Python版csv文件utf8转ansi小程序


为什么会有这个呢?因为 CSV 文件默认是 UTF-8 格式,但是在 excel 中打开的时候会显示乱码,虽然网上有很多教程教你如何通过 excel 的数据导入功能导入,但是稍显繁琐。实际上最方便的方式是用记事本打开 csv 文件然后另存为 ansi 格式即可,但是在有多个文件需要转换的时候就比较繁琐了。

这个小程序能进行批量转换,只需要将需要转换的csv文件或者文件夹拖入程序,点击开始转换即可。

csv_to_ansi.py源码:

# csv_to_ansi_gui_drag.py
import sys
import os
import traceback
from pathlib import Path
import tkinter as tk
from tkinter import filedialog, messagebox, ttk

# 需要安装 tkinterdnd2:pip install tkinterdnd2
from tkinterdnd2 import DND_FILES, TkinterDnD

DEFAULT_TARGET_ENCODING = "cp936"  # Windows 中文 ANSI

def find_csvs_in_path(p: Path, recursive=True):
    files = []
    if p.is_file():
        if p.suffix.lower() == ".csv":
            files.append(p)
    elif p.is_dir():
        if recursive:
            for fp in p.rglob("*.csv"):
                files.append(fp)
        else:
            for fp in p.glob("*.csv"):
                files.append(fp)
    return files

def convert_file(src_path: Path, target_encoding=DEFAULT_TARGET_ENCODING, overwrite=False):
    try:
        text = None
        for enc in ("utf-8-sig", "utf-8", "latin1"):
            try:
                with src_path.open("r", encoding=enc) as f:
                    text = f.read()
                read_enc = enc
                break
            except:
                continue
        if text is None:
            return False, f"无法读取文件:{src_path}", None

        if overwrite:
            out_path = src_path
        else:
            out_name = src_path.stem + "_ANSI" + src_path.suffix
            out_path = src_path.with_name(out_name)
            i = 1
            while out_path.exists():
                out_path = src_path.with_name(f"{src_path.stem}_ANSI({i}){src_path.suffix}")
                i += 1

        with out_path.open("w", encoding=target_encoding, errors="replace", newline="") as f:
            f.write(text)

        return True, f"转换成功 -> {out_path}", out_path
    except Exception as e:
        tb = traceback.format_exc()
        return False, f"转换出错:{e}\n{tb}", None

def process_paths(paths, target_encoding=DEFAULT_TARGET_ENCODING, recursive=True, overwrite=False, callback=None):
    results = []
    file_list = []
    for p in paths:
        ppath = Path(p)
        if ppath.is_dir():
            file_list.extend(find_csvs_in_path(ppath, recursive=recursive))
        elif ppath.is_file():
            if ppath.suffix.lower() == ".csv":
                file_list.append(ppath)

    seen = set()
    uniq = []
    for f in file_list:
        if str(f.resolve()) not in seen:
            seen.add(str(f.resolve()))
            uniq.append(f)

    for idx, f in enumerate(uniq, start=1):
        if callback:
            callback(f, idx, len(uniq))
        ok, msg, out = convert_file(f, target_encoding=target_encoding, overwrite=overwrite)
        results.append((f, ok, msg, out))
    return results

class App:
    def __init__(self, root):
        self.root = root
        root.title("CSV UTF-8 -> ANSI 转换器")
        root.geometry("720x420")
        root.minsize(620, 360)

        frm = ttk.Frame(root, padding=10)
        frm.pack(fill="both", expand=True)
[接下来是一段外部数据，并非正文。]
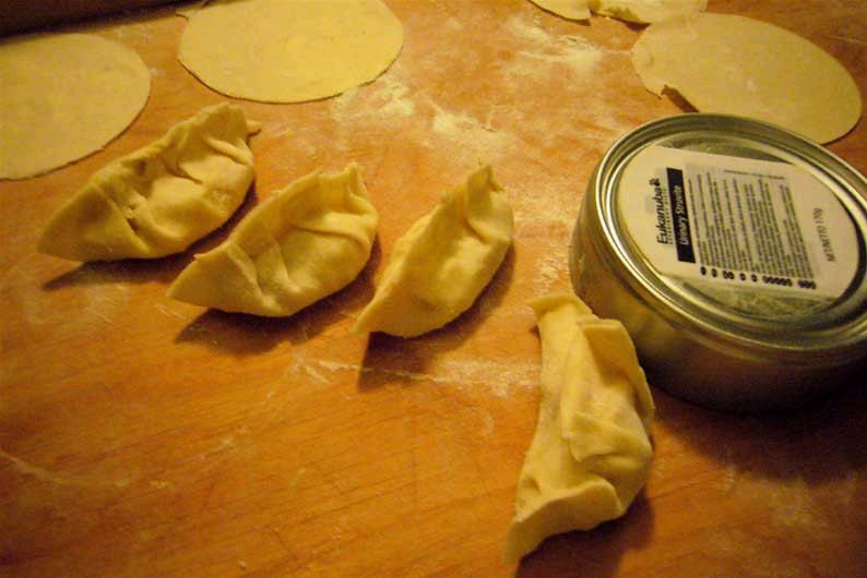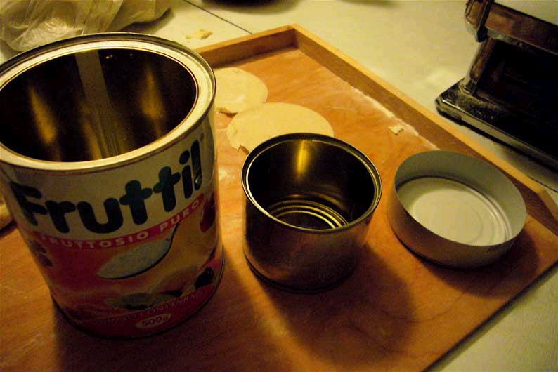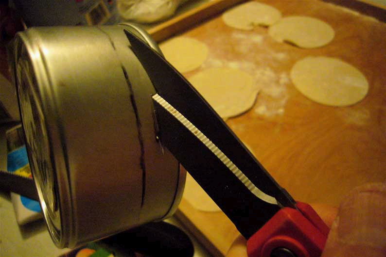 | 12=果糖の缶、高級ネコ缶、ダイエットネコ缶と3個並べてみると、 一 番右のものがギョウザに向いているかなと判断できた。 これを切って行く方法を考えながら生地をこねる。 |

        top = ttk.Frame(frm)
        top.pack(fill="x", pady=(0,8))

        ttk.Label(top, text="目标编码:").pack(side="left")
        self.encoding_var = tk.StringVar(value=DEFAULT_TARGET_ENCODING)
        encoding_options = [("cp936 (GBK - 中文 Windows ANSI)", "cp936"),
                            ("utf-8-sig (UTF-8 with BOM - Excel modern)", "utf-8-sig"),
                            ("latin1 (ISO-8859-1)", "latin1"),
                            ("windows-1252", "cp1252")]
        self.encoding_combo = ttk.Combobox(top, state="readonly",
                                           values=[o[0] for o in encoding_options],
                                           width=35)
        self._enc_map = {o[0]: o[1] for o in encoding_options}
        self.encoding_combo.set(encoding_options[0][0])
        self.encoding_combo.pack(side="left", padx=(5,15))

        self.overwrite_var = tk.BooleanVar(value=False)
        ttk.Checkbutton(top, text="覆盖源文件(谨慎)", variable=self.overwrite_var).pack(side="left")
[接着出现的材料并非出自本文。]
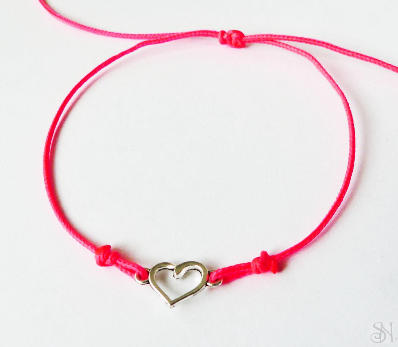 Ružový zaťahovací šnúrkový náramok so srdcom z bižutérneho kovu bez obsahu niklu.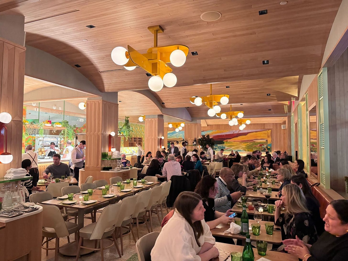 → ACADIA RISES: Another Midtown dining spot to have on the radar: Mediterranean brasserie Acadia (above), which opened last month on the northwest corner of 6th Ave. and 57th St. It’s from the team that enlivened Upper West Side dining with places like Nice Matin and Dagon. Here, chef Ari Bokovza is building on his work at Israeli-focused Dagon by expanding his menu’s horizons to Lebanon, Greece, Tunisia, and Morocco. Our table loved the six-part mezze platter (bless you, spicy feta and eggplant confit), and all the main courses, especially the crispy roasted lamb neck and marinated black cod served with citrus. Taking it all in a few tables away from us: NYPost restaurant critic Steve Cuozzo, who recently hailed the restaurant’s pastrami sandwich — an homage to the long-departed Wolf’s Deli — as the best in town. Yes, Acadia does lunch, too. –Lockhart Steele

        mid = ttk.Frame(frm)
        mid.pack(fill="both", expand=True)

        left = ttk.Frame(mid)
        left.pack(side="left", fill="both", expand=True)

        ttk.Label(left, text="待转换文件(拖拽或点击添加):").pack(anchor="w")
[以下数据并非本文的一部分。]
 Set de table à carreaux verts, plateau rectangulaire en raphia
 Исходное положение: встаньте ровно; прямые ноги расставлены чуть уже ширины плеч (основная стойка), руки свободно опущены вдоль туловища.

        self.listbox = tk.Listbox(left, selectmode="extended")
        self.listbox.pack(fill="both", expand=True, padx=(0,6), pady=6)

        # 支持拖拽文件到 listbox
        self.listbox_drop_target_register()
        
        btns = ttk.Frame(left)
        btns.pack(fill="x")
        ttk.Button(btns, text="添加文件", command=self.add_files).pack(side="left", padx=3)
        ttk.Button(btns, text="添加文件夹", command=self.add_folder).pack(side="left", padx=3)
        ttk.Button(btns, text="移除所选", command=self.remove_selected).pack(side="left", padx=3)
        ttk.Button(btns, text="清空列表", command=self.clear_list).pack(side="left", padx=3)

        right = ttk.Frame(mid, width=260)
        right.pack(side="right", fill="y")

        ttk.Label(right, text="日志 / 进度:").pack(anchor="w")
        self.log = tk.Text(right, width=40, height=15, state="disabled", wrap="word")
        self.log.pack(fill="both", expand=True, pady=6)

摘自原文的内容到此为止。